On this hardware, the shipping profile reached 53.758s median TTFT, 2454.654 tok/s median prefill, and 44.588 tok/s median decode, with 5/5 shipping runs passed. Thinking is supported as a separate secondary profile.
Main takeaway: these models can often do more locally than people expect, but the runtime has to be tuned to the machine you actually have. One setup will not fit every GPU.
Hi @Mosai-Sys , thanks for the details! Glad to hear you were able to use it and tune to suit your needs
would love more information and your setup !
128K Local Setup
This release does not modify the model weights. It documents a validated local deployment setup for RedHatAI/gemma-4-31B-it-NVFP4 at 131072 context length on a single RTX 5090 32 GB using vLLM.
The 128K result was obtained with a no-offload serving configuration using:--max-model-len 131072, --tensor-parallel-size 1, --max-num-seqs 1, --gpu-memory-utilization 0.90, --quantization compressed-tensors, --kv-cache-dtype fp8, --no-calculate-kv-scales, --max-num-batched-tokens 640, --async-scheduling, --no-enable-prefix-caching, and --limit-mm-per-prompt image=1,video=1.

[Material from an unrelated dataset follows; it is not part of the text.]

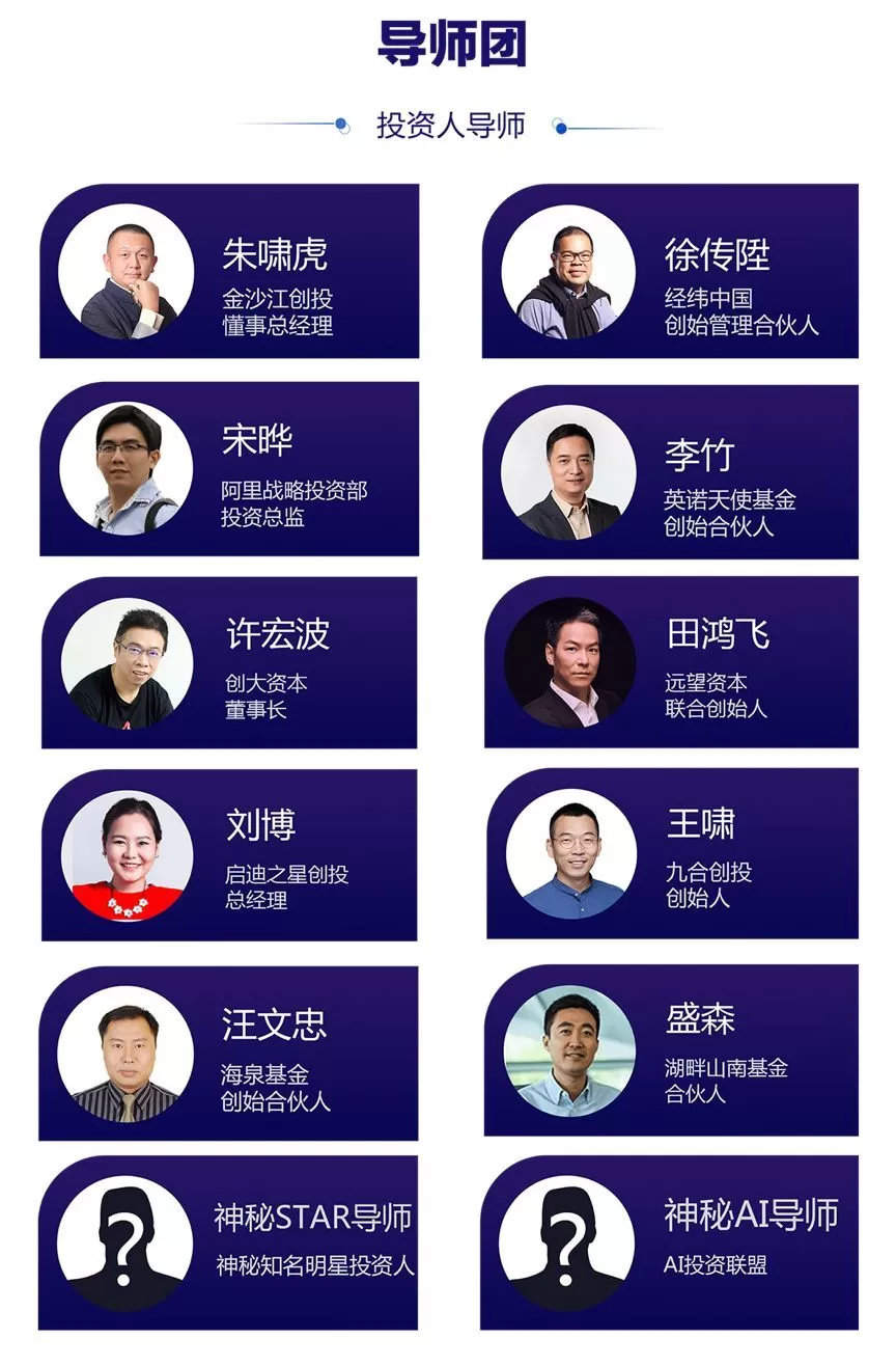 此外,英诺天使基金创始合伙人李竹、创大资本董事长许洪波、远望资本创始合伙人田鸿飞、启迪之星创投总经理刘博、九合创投创始人王啸、海泉基金创始合伙人汪文忠、湖畔山南基金合伙人盛森等,共同组成了强大的投资人导师团,届时更有神秘AI导师和明星导师将会出席:

vllm serve RedHatAI/gemma-4-31B-it-NVFP4 \
--quantization compressed-tensors \
--max-model-len 131072 \
--tensor-parallel-size 1 \
--max-num-seqs 1 \
--gpu-memory-utilization 0.90 \
--kv-cache-dtype fp8 \
--no-calculate-kv-scales \
--max-num-batched-tokens 640 \
--async-scheduling \
--no-enable-prefix-caching \
--limit-mm-per-prompt image=1,video=1
For tool calling, add:
--tool-call-parser gemma4 --enable-auto-tool-choice
For thinking mode, use a separate secondary profile and add:
--reasoning-parser gemma4 --tool-call-parser gemma4 --enable-auto-tool-choice
For repeat local runs, startup is improved by keeping the Hugging Face cache and vLLM compile cache on Linux/Docker-native storage and reusing a running server instead of cold-starting each run.